Exercise requirements: Write out all the data verbatim. Skip images.

Data shown:
========
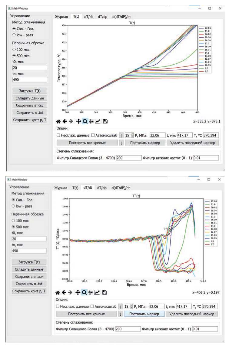 Рис. 3. Графический интерфейс ПО для определения ФД (линии достижимого перегрева и критических параметров) на примере воды: исходные данные термограмм (вверху), значения их производных по времени (внизу).
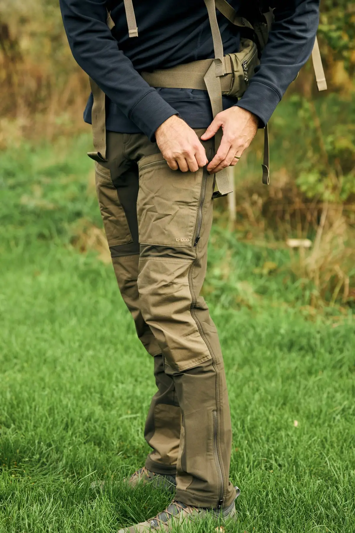 De broek biedt precies de balans die je zoekt tijdens herfstwandelingen: warm en winddicht, maar niet benauwend. De mix van gerecycled polyamide, polyester en elastaan zorgt voor stretch en bewegingsvrijheid, terwijl G-1000-verstevigingen de meest kwetsbare zones beschermen. De ventilatieritsen zijn goud waard tijdens de warmere momenten op de dag. Ga je echte natte omstandigheden tegemoet, dan kan je de broek uiteraard behandelen met de Greenland Wax.
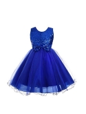 Full-lined dress is featured with sparkling sequins details on the bodice. Classical elegant round neck sleeveless design.
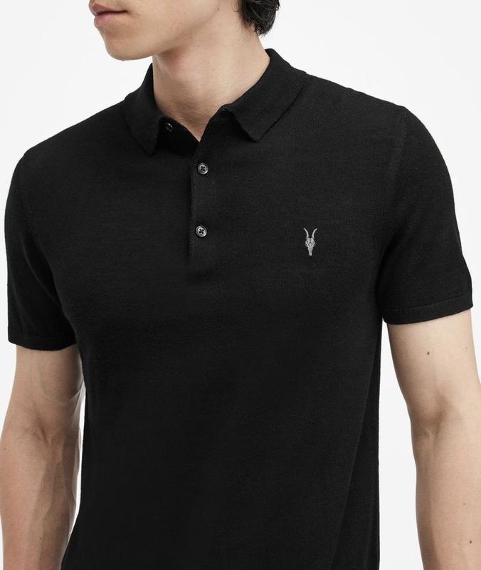 Черная футболка поло allsaints шерстяная джемпер свитер с коротким рукавом
========
Solution for this problem:
 Рис. 3. Графический интерфейс ПО для определения ФД (линии достижимого перегрева и критических параметров) на примере воды: исходные данные термограмм (вверху), значения их производных по времени (внизу).
 De broek biedt precies de balans die je zoekt tijdens herfstwandelingen: warm en winddicht, maar niet benauwend. De mix van gerecycled polyamide, polyester en elastaan zorgt voor stretch en bewegingsvrijheid, terwijl G-1000-verstevigingen de meest kwetsbare zones beschermen. De ventilatieritsen zijn goud waard tijdens de warmere momenten op de dag. Ga je echte natte omstandigheden tegemoet, dan kan je de broek uiteraard behandelen met de Greenland Wax.
 Full-lined dress is featured with sparkling sequins details on the bodice. Classical elegant round neck sleeveless design.
 Черная футболка поло allsaints шерстяная джемпер свитер с коротким рукавом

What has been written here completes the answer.